___ Information provided

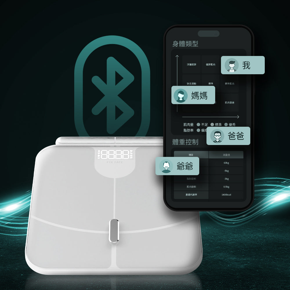 可新增獨立檢測用戶,分別紀錄數據;也可多台手機藍牙連接體脂秤,保護個人數據隱私。
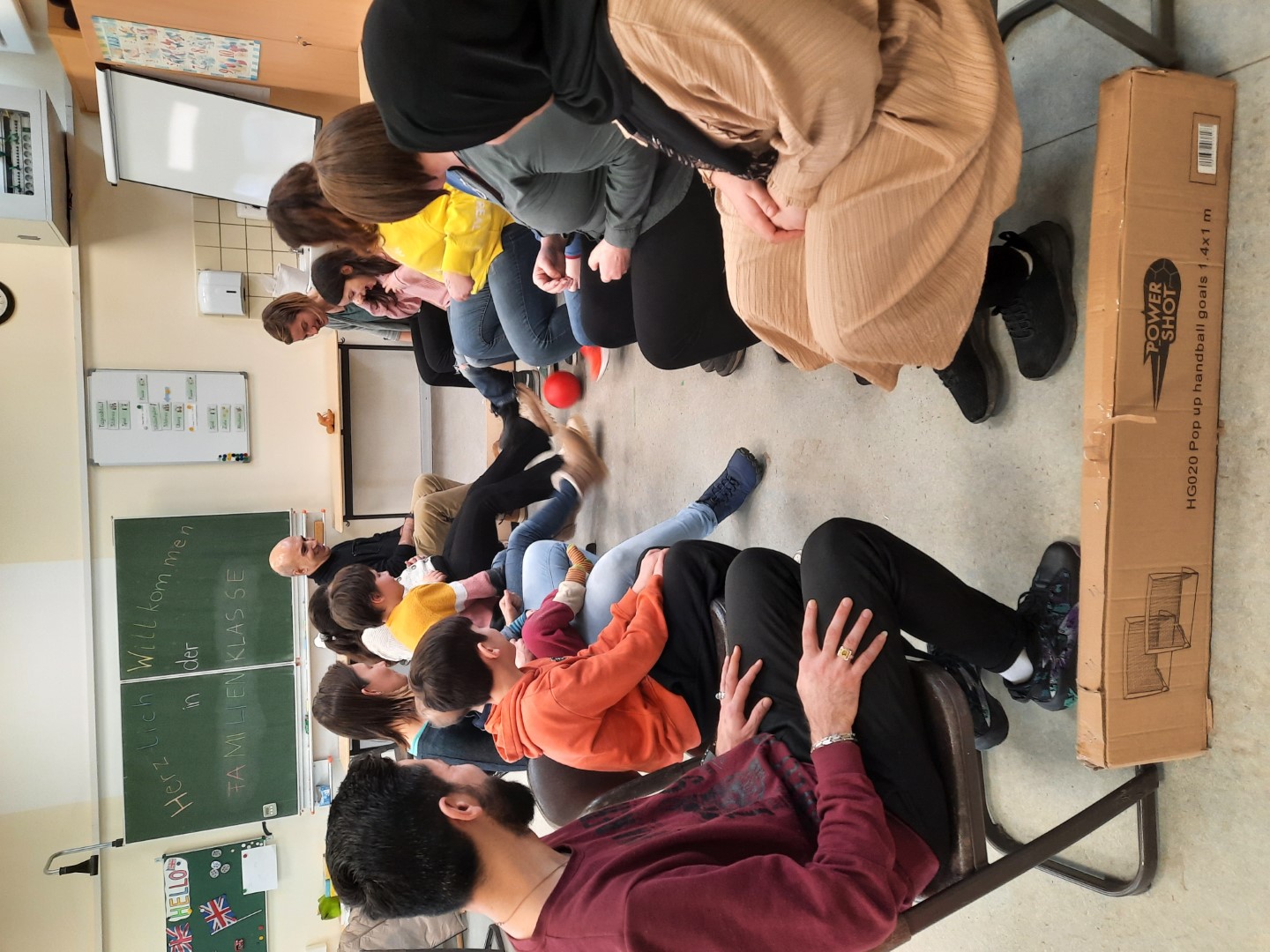 Angeregt durch einen Zeitungsartikel bekam die Familienklasse am 01. Februar 2024 Besuch von RTL Hessen. Das dreiköpfige Team begleitete die Gruppe einen ganzen Vormittag lang, um das Kooperationsprojekt der Freiherr-vom-Stein-Schule, dem Landkreis Marburg-Biedenkopf, dem Staatlichen Schulamt und dem bsj Marburg genau kennenlernen zu können.
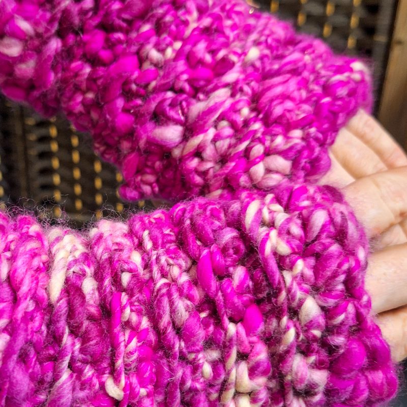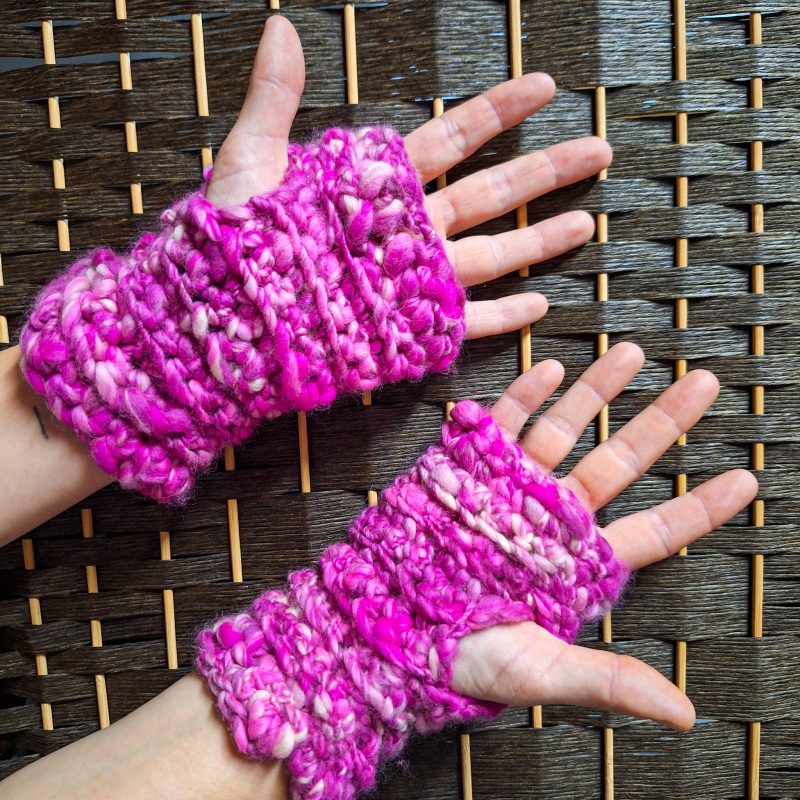These lovely chunky wrist warmer gloves are hand made from Merino wool and Firestar fibres.
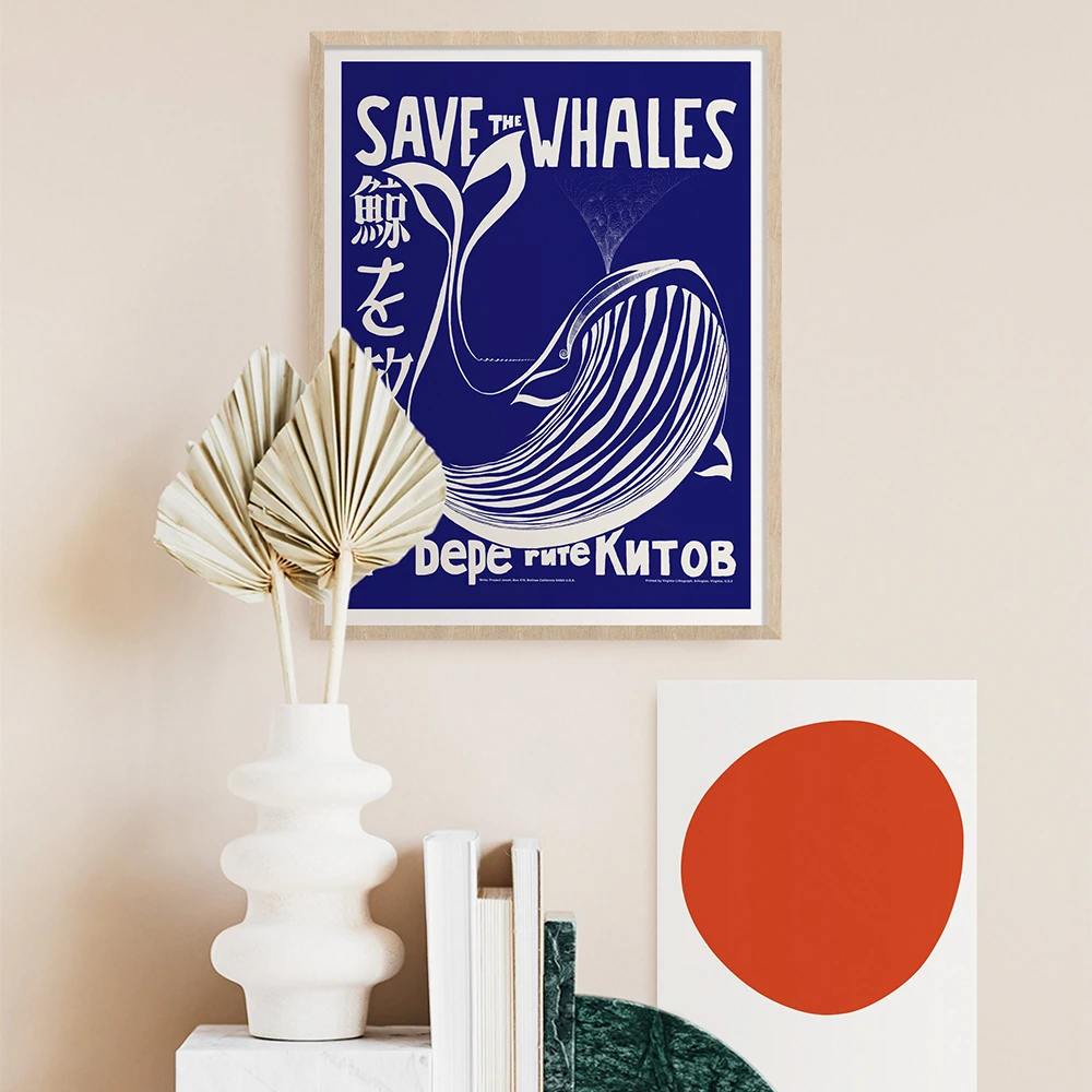 Винтажные японские постеры, изображения на выставке сохранить синие киты, современные животные, печать на холсте, картины, домашний декор для стен
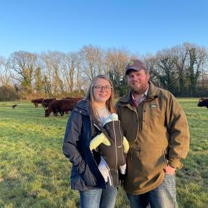 Isobel and James Wright are first generation farmers from West Sussex and have won the use of a TH telehandler. They are halfway through their first tenancy on the Wiston Estate where they keep a herd of suckler cows and have started rearing calves too. James also works for an agricultural software company, Breedr.
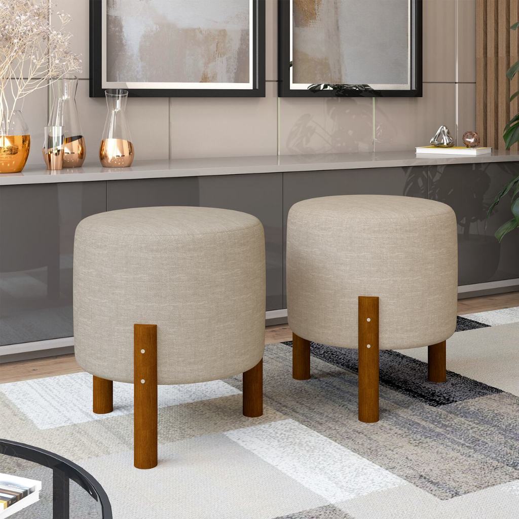 Kit 2 Puff Banqueta Banquinho Redondo Em Linho Bege Thor Luxo Pés de Madeira
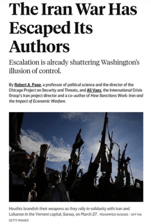 Il punto di fondo è semplice ma decisivo: la superiorità nell’escalation non coincide con il controllo dell’escalation. Si possono vincere i singoli scambi di forza e perdere comunque il controllo della traiettoria generale della guerra. È questa, secondo Pape e Vaez, la vera illusione che oggi sta guidando Washington: credere che ogni gradino successivo funzionerà come il precedente, quando invece ogni gradino rende più difficile tornare indietro. Se non si apre rapidamente uno spazio serio per un cessate il fuoco che affronti deterrenza, sanzioni, sovranità e questione nucleare in termini reali e non propagandistici, la guerra rischia quindi di estendersi per mesi, con costi sempre meno reversibili e con incentivi crescenti, per attori regionali e non solo, ad allargarla ulteriormente.
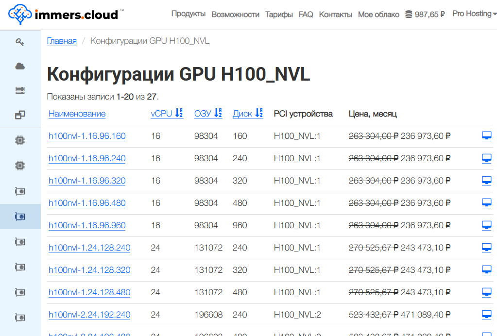 Добавив NVIDIA H100 NVL 94GB в облачные конфигурации, immers·cloud расширил линейку решений для тяжёлых ИИ-нагрузок. Это ускоритель с акцентом на объём памяти и пропускную способность, а не на декоративные характеристики. Подходит не всем, но тем, кому подходит, альтернативы обычно искать уже негде.
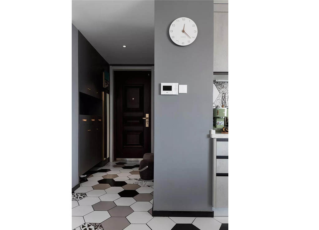 入户玄关处做了嵌入式的鞋柜,鞋柜的底部和中间都选择了留空一部分,还把穿衣镜也整合到了柜子上。地面创意的六边砖让玄关看起来更有格调。
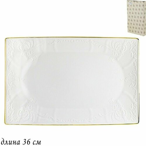 Блюдо сервировочное для кухни, прямоугольное, фарфор, 36 см Maria Gold, Lenardi
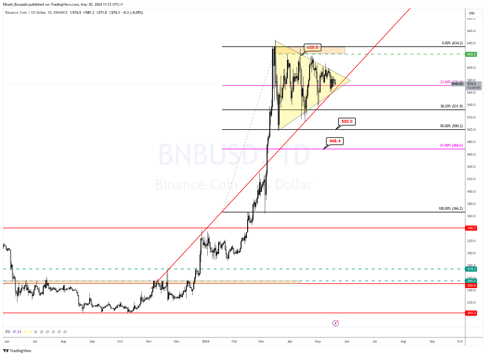 كما أن سعر BNB يختبر حاليا خط الاتجاه الصاعد عند سعر 570 دولار، الذي ارتد منه مرتين في السابق.
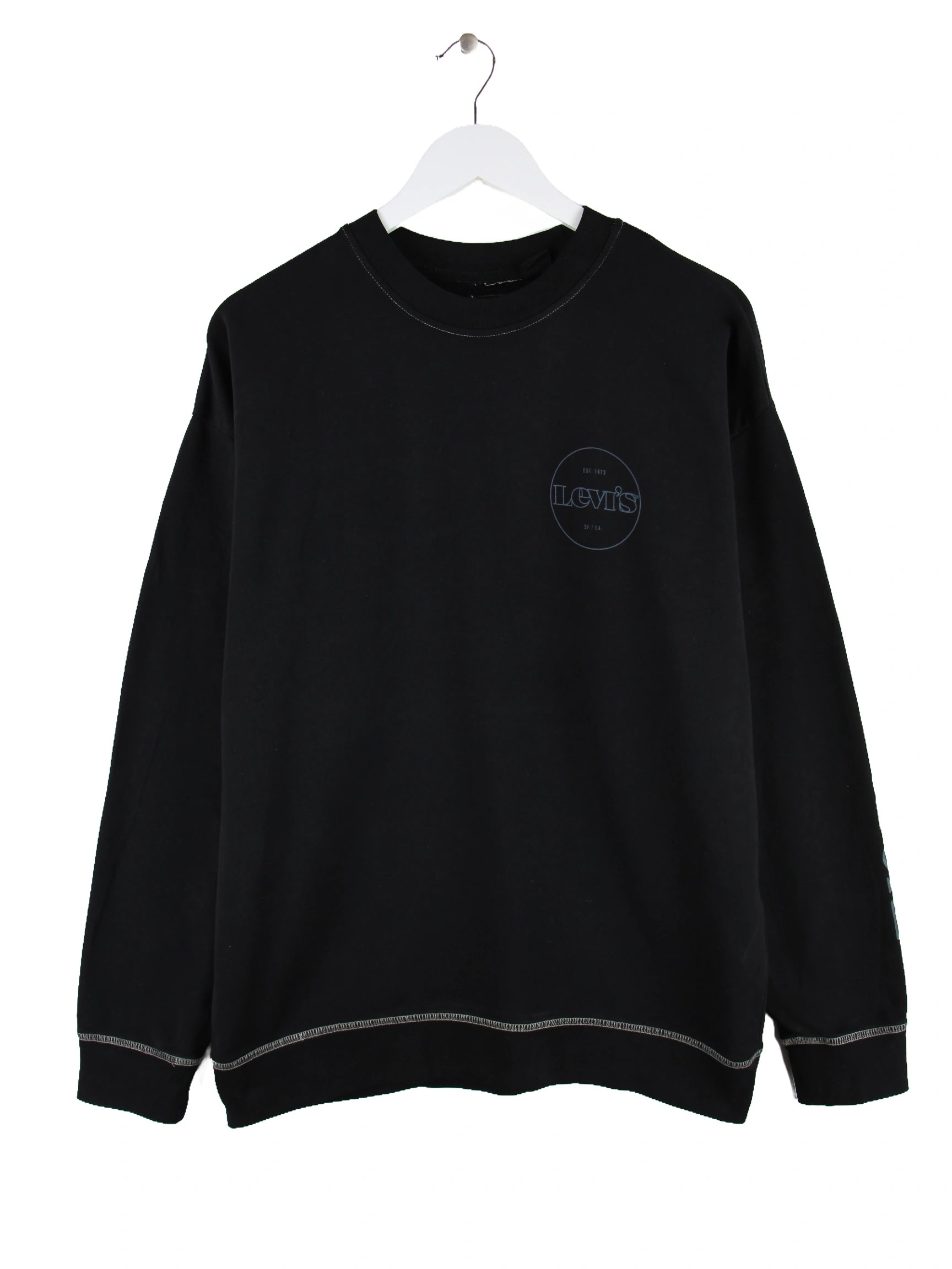 Schwarzer Sweater der Marke Levi's in Größe S. Er ist aus einer Baumwollmischung hergestellt und in sehr gutem Zustand vorrätig. Mit tollem Print.
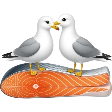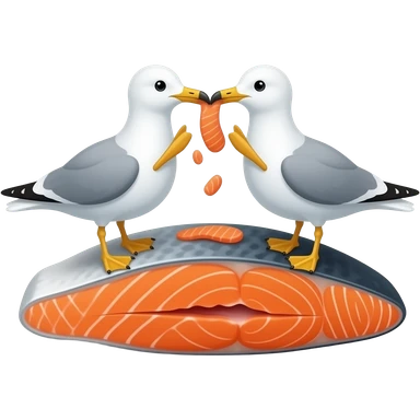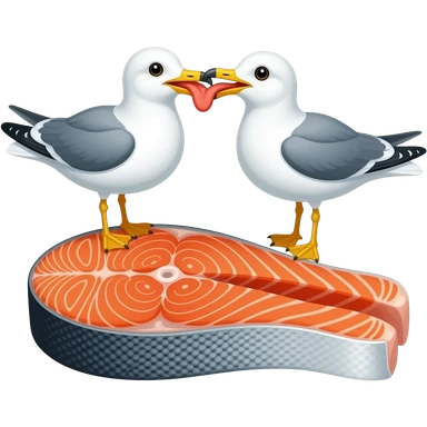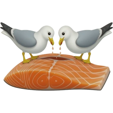 Two seagulls sharing pieces of salmon emoji | AI Emoji Generator

______

## Task requirements:
Go from the first line of the listing to the line holding "These lovely chunky" and, please, transcribe those lines exactly, both included, with no pictures.

## Worked solution:
 可新增獨立檢測用戶,分別紀錄數據;也可多台手機藍牙連接體脂秤,保護個人數據隱私。
 Angeregt durch einen Zeitungsartikel bekam die Familienklasse am 01. Februar 2024 Besuch von RTL Hessen. Das dreiköpfige Team begleitete die Gruppe einen ganzen Vormittag lang, um das Kooperationsprojekt der Freiherr-vom-Stein-Schule, dem Landkreis Marburg-Biedenkopf, dem Staatlichen Schulamt und dem bsj Marburg genau kennenlernen zu können.
These lovely chunky wrist warmer gloves are hand made from Merino wool and Firestar fibres.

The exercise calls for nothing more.